Why Don’t Surgeons Have Coaches?

Wednesday, October 12th, 2011

After receiving some good tennis coaching, surgeon Atul Gawande wondered, why don’t surgeons have coaches?

Good coaches know how to break down performance into its critical individual components. In sports, coaches focus on mechanics, conditioning, and strategy, and have ways to break each of those down, in turn. The U.C.L.A. basketball coach John Wooden, at the first squad meeting each season, even had his players practice putting their socks on. He demonstrated just how to do it: he carefully rolled each sock over his toes, up his foot, around the heel, and pulled it up snug, then went back to his toes and smoothed out the material along the sock’s length, making sure there were no wrinkles or creases. He had two purposes in doing this. First, wrinkles cause blisters. Blisters cost games. Second, he wanted his players to learn how crucial seemingly trivial details could be. “Details create success” was the creed of a coach who won ten N.C.A.A. men’s basketball championships.
[...]
Élite performers, researchers say, must engage in “deliberate practice” — sustained, mindful efforts to develop the full range of abilities that success requires. You have to work at what you’re not good at. In theory, people can do this themselves. But most people do not know where to start or how to proceed. Expertise, as the formula goes, requires going from unconscious incompetence to conscious incompetence to conscious competence and finally to unconscious competence. The coach provides the outside eyes and ears, and makes you aware of where you’re falling short. This is tricky. Human beings resist exposure and critique; our brains are well defended. So coaches use a variety of approaches — showing what other, respected colleagues do, for instance, or reviewing videos of the subject’s performance. The most common, however, is just conversation.

Gawande brought in a retired general surgeon, under whom he’d trained during his residency, as his coach:

He saw only small things, he said, but, if I were trying to keep a problem from happening even once in my next hundred operations, it’s the small things I had to worry about.
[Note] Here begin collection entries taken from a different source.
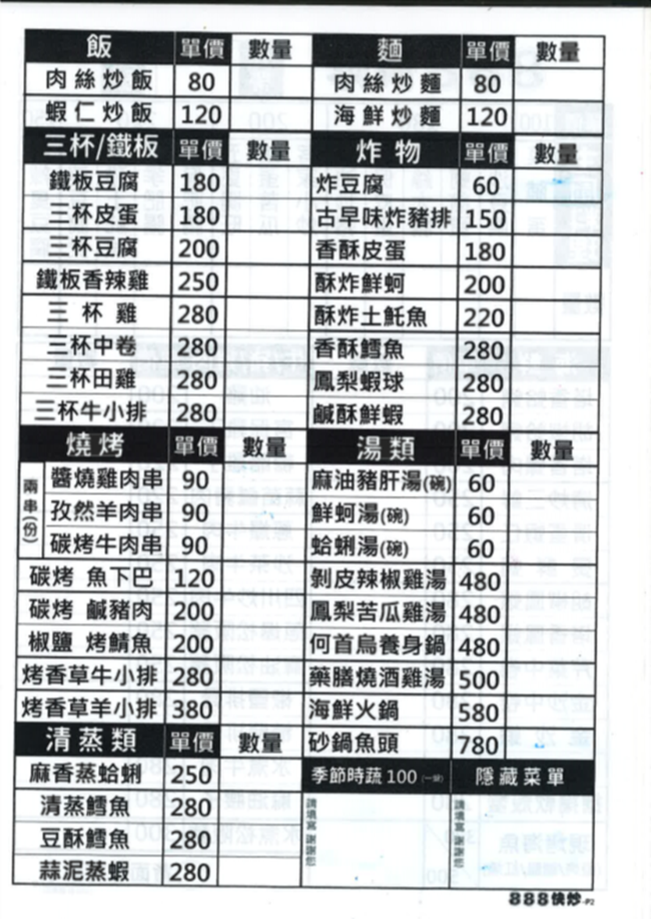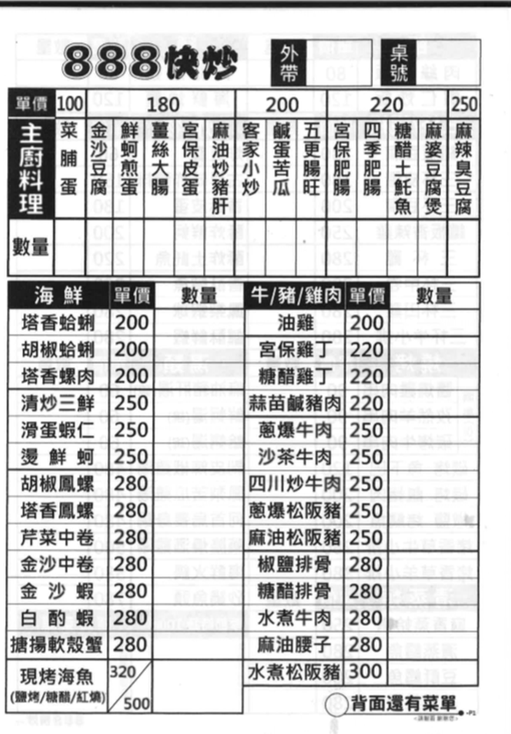 位在新竹市北區光華東街上的888快炒,專賣平價美味的熱炒料理,選用新鮮食材精心烹調,為您獻上客家小炒、砂鍋魚頭、麻辣臭豆腐、金沙豆腐等經典菜色,不計成本給您前所未有的味蕾體驗~寬敞舒適的用餐空間,非常適合家庭聚餐、朋友聚會、公司聚會,這麼好的機會怎麼能錯過,心動不如馬上行動!
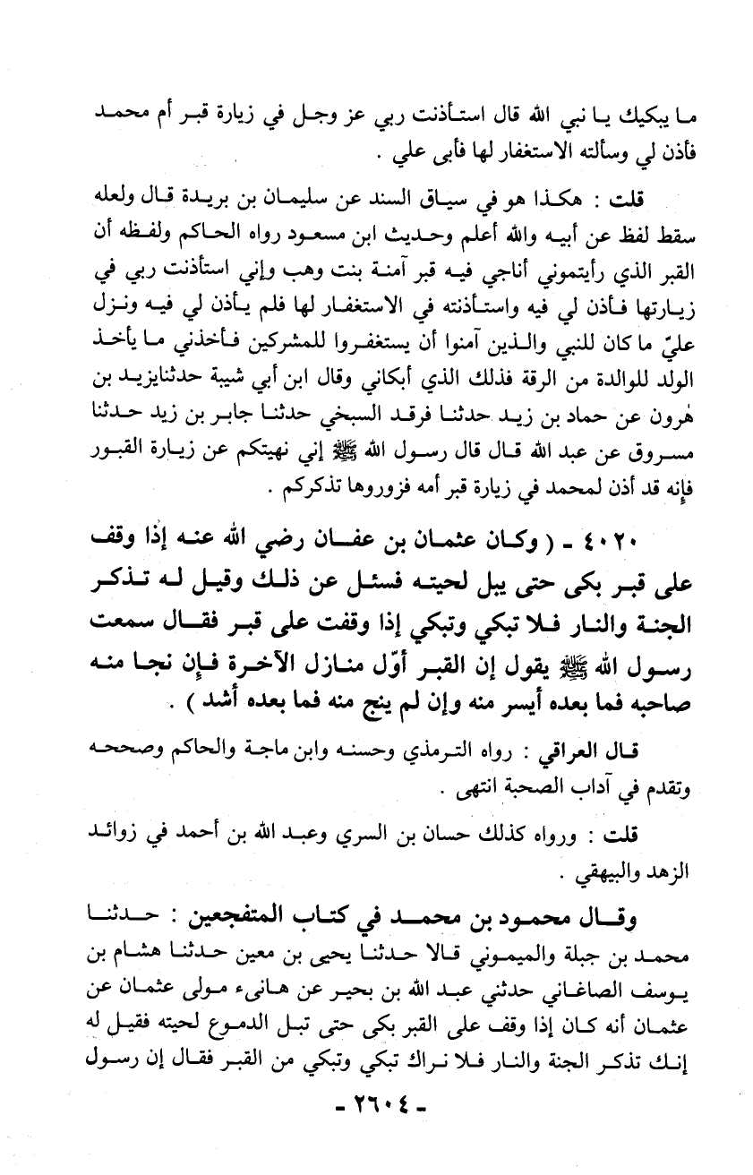 4020 - (وكان عثمان بن عفان رضي الله عنه إذا وقف على قبر بكى حتى يبل لحيته فسئل عن ذلك وقيل له تذكر الجنة والنار فلا تبكي وتبكي إذا وقفت على قبر فقال سمعت رسول الله - صلّى الله عليه وسلم - يقول إن القبر أوّل منازل الآخرة فإن نجا منه صاحبه فما بعده أيسر منه وإن لم ينج منه فما بعده أشد).
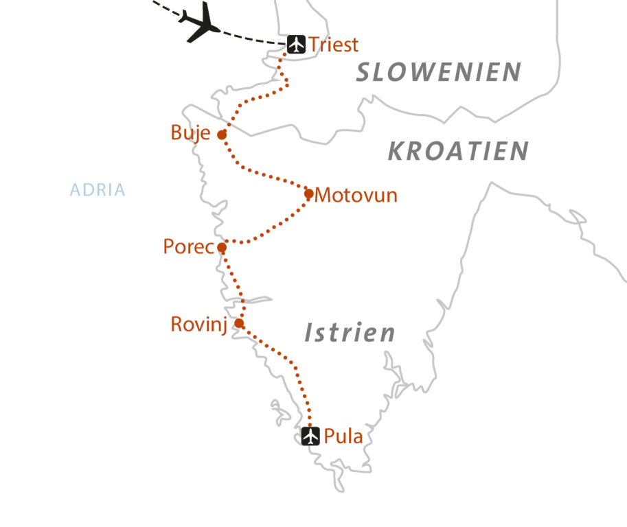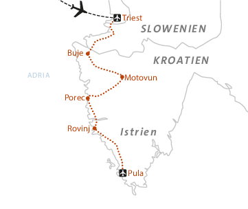 Auf dieser fantastischen Reise von Triest nach Pula werden Sie Zeuge der kulturellen Vielfalt und dem Reichtum der Halbinsel Istrien. Triest und Pula waren Hafenstädte des österreichisch-ungarischen Kaiserreichs, Poreč und Rovinj waren wichtige Handelszentren im Römischen Reich und Motovun, Grožnjan waren typische mittelalterliche befestigte Bergstädte. Weinberge und Olivenhaine werden Weinberge und Olivenhaine werden Sie während der Radtour in der Region begleiten, in der Trüffel und viele andere Spezialitäten, die Sie am Ende des Tages genießen können.
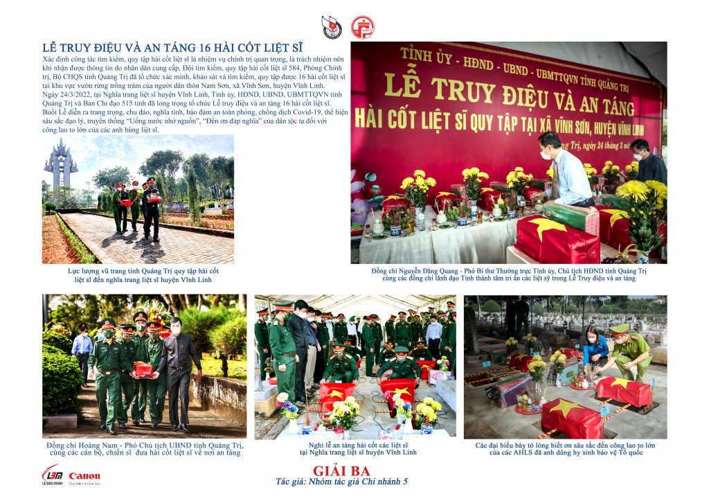 Tác phẩm “Lễ truy điệu và an táng 16 hài cốt liệt sĩ” đạt Giải Ba – Tác giả: Nhóm tác giả Chi nhánh 5
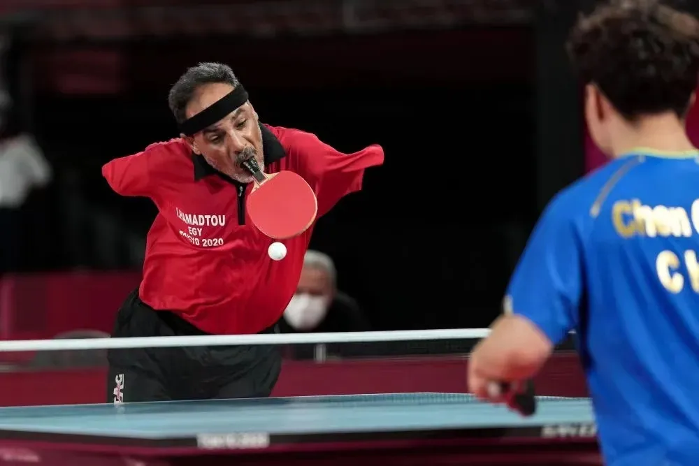 为梦想坚持的还有一位大叔——用嘴打乒乓球的埃及选手哈马托。
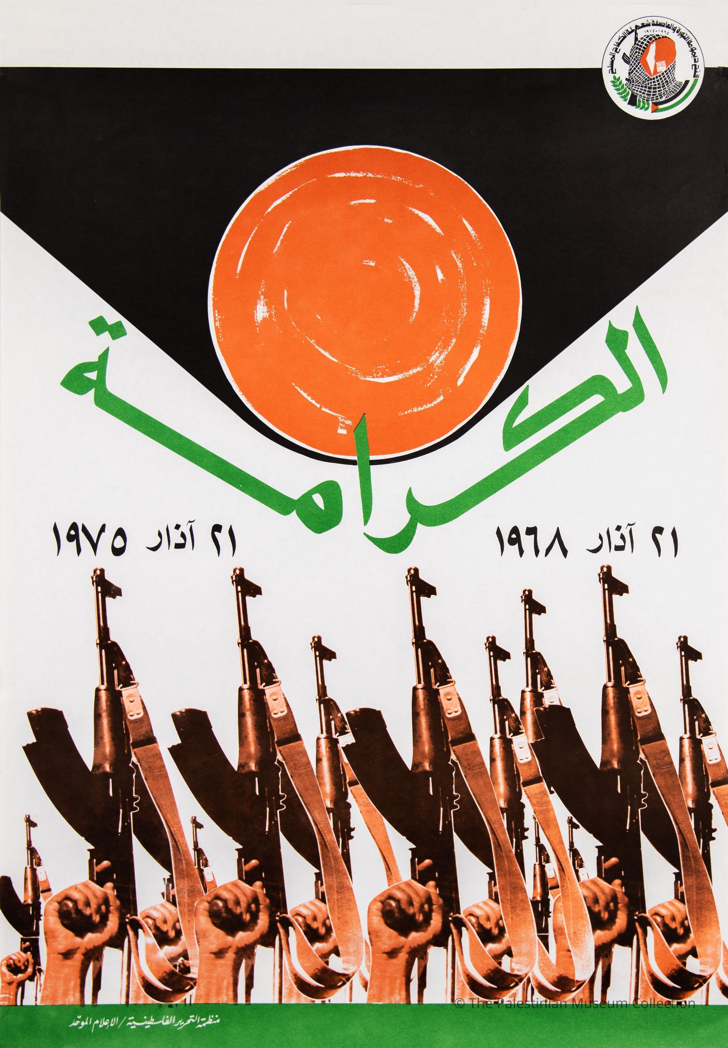 A poster entitled 'Karameh' and issued by the Unified Information Office of the Palestine Liberation Organization (PLO) in commemoration of the seventh anniversary of the Battle of Karameh in 1975.

He noticed that I’d positioned and draped the patient perfectly for me, standing on his left side, but not for anyone else. The draping hemmed in the surgical assistant across the table on the patient’s right side, restricting his left arm, and hampering his ability to pull the wound upward. At one point in the operation, we found ourselves struggling to see up high enough in the neck on that side. The draping also pushed the medical student off to the surgical assistant’s right, where he couldn’t help at all. I should have made more room to the left, which would have allowed the student to hold the retractor and freed the surgical assistant’s left hand.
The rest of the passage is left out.